A previous eye-tracking study by the same authors had found the presence of the competitors severely confused the matchers, suggesting that people were surprisingly egocentric---they found it hard to ignore "privileged" information when interpreting another person's speech. For example, when the director said to "pick up the small candle," they spent far more time looking at a hidden green candle than a hidden apple, even though neither one of these objects, being hidden, was a viable referent. We refer to the difference in looking time as the 'egocentric interference effect'.

Experiment 2 by Keysar, Lin, and Barr aimed to follow up on this finding. In the previous article, the matcher had reason to believe that the director was merely ignorant of the identity of the hidden objects. But what would happen if the matcher was given reason to believe that the director actually had a false belief about the hidden object? For example, would the matcher experience less egocentric interference if they had reason to think that the director thought that the hidden candle was a toy truck?

To test this, half of the participants were randomly assigned to a false belief condition, where the matcher was led to believe that the director had a false belief about the identity of the hidden object; the other half participated in the ignorance condition, where as in previous experiments, they were led to believe that the director simply did not know what was in the hidden squares.

There were 40 participants in this experiment, 20 in the false belief condition, and 20 in the ignorance condition. There were also an equal number of male and female participants in the study. To spoil the plot a bit, Keysar, Lin and Barr did not find any effect of condition on looking time. However, they did not consider sex as a potential moderating variable. Thus, we will explore the effects of ignorance vs. false belief on egocentric interference, broken down by the sex of the matcher.

Before starting lets check:

  1. The .csv file is saved into a folder on your computer and you have manually set this folder as your working directory.

  2. The .Rmd file is saved in the same folder as the .csv files. Save it with the format GUID_Level2B_PracticeSkills.Rmd where GUID is replaced with your GUID.
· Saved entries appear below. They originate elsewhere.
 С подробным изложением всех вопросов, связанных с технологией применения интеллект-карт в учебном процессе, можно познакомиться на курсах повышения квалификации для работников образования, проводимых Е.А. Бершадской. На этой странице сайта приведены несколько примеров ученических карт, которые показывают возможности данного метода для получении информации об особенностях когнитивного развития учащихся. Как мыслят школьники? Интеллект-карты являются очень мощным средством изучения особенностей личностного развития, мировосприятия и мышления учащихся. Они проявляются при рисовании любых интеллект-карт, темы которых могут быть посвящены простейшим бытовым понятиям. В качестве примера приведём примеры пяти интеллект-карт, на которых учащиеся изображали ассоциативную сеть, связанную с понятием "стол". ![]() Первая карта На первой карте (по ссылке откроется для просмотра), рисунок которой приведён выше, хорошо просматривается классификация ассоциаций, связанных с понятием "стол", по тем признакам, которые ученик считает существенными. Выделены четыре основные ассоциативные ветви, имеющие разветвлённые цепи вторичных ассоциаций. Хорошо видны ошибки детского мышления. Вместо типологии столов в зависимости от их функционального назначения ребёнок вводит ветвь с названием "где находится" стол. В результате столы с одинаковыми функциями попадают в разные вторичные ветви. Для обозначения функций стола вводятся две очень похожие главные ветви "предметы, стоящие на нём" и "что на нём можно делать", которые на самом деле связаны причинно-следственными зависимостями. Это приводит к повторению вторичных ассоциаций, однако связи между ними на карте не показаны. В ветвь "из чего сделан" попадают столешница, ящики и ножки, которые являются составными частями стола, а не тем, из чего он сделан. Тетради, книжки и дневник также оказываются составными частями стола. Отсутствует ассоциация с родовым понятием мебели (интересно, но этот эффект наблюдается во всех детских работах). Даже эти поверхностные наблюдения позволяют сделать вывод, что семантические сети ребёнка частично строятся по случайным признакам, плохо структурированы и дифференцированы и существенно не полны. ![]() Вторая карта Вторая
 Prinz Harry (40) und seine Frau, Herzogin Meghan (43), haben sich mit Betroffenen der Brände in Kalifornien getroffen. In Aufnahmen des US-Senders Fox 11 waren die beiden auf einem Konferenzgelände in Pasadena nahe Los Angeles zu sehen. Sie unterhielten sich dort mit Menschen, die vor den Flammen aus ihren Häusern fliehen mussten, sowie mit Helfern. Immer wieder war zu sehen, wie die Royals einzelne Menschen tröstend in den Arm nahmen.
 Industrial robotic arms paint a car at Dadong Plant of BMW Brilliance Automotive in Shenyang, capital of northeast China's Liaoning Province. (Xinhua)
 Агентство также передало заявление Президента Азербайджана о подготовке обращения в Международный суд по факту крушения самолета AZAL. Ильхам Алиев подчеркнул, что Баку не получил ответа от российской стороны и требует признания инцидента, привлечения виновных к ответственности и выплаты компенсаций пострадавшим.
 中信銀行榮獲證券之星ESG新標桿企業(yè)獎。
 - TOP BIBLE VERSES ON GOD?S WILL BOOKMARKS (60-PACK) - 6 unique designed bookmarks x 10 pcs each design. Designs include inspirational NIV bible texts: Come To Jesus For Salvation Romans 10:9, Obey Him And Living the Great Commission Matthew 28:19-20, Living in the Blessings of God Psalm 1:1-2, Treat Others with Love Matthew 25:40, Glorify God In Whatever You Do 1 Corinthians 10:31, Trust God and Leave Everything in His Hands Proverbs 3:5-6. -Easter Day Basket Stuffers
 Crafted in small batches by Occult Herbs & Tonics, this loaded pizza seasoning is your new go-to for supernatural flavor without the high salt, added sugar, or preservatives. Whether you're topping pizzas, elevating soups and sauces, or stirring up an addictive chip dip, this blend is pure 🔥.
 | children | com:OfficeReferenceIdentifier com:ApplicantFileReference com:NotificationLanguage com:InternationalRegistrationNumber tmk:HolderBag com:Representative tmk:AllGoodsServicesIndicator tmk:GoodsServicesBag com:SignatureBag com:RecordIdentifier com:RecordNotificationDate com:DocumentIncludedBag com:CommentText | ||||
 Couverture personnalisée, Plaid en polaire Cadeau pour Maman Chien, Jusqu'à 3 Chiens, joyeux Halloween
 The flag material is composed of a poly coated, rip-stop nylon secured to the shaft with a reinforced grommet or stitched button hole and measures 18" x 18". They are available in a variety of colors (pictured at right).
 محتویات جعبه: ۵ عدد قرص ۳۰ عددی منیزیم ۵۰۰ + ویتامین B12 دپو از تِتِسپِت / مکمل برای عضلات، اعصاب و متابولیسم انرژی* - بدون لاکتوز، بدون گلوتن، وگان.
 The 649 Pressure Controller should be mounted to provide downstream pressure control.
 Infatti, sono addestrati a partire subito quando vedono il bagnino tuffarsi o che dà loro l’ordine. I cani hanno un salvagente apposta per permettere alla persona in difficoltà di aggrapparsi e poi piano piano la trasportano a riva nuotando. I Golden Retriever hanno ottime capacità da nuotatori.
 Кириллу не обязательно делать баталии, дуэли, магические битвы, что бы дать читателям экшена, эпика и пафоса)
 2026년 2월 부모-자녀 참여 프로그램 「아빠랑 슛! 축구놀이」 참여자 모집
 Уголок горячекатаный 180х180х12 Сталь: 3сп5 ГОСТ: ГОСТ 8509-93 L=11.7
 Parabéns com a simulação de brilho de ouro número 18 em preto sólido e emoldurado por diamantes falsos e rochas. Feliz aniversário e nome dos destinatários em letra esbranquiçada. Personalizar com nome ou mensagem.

13.10.1 Task 1A: Libraries

  • In today's exercise you will need both the tidyverse and afex packages. Enter code into the t1A code chunk below to load in both of these libraries.
# load in the packages

13.10.2 Task 1B: Loading in the data

  • Use read_csv() to replace the NULL in the t1B code chunk below to load in the data stored in the datafile keysar_lin_barr_2003.csv. Store the data in the variable dat.
dat <- NULL

Take a look at your data (dat) in the console using glimpse() or View(), or just display it by typing in the name. You will see the following columns:

variable description
subject unique identifier for each subject
sex whether the participant was male or female
condition what condition the subject was in
looktime egocentric interference

We have simplified things from the original experiment by collapsing the baseline vs. experimental conditions into a single DV. Our DV, egocentric interference, is the average difference in looking time for each participant (in milliseconds per trial) for hidden competitors (e.g., small candle) versus hidden non-competitors (e.g., apple). The larger this number, the more egocentric interference the participant experienced.

13.10.3 Task 2: Calculate cell means

Today we are going to focus on just the main analysis and write-up, and not the assumptions, but as always you should check that your assumptions hold and justify your decisions.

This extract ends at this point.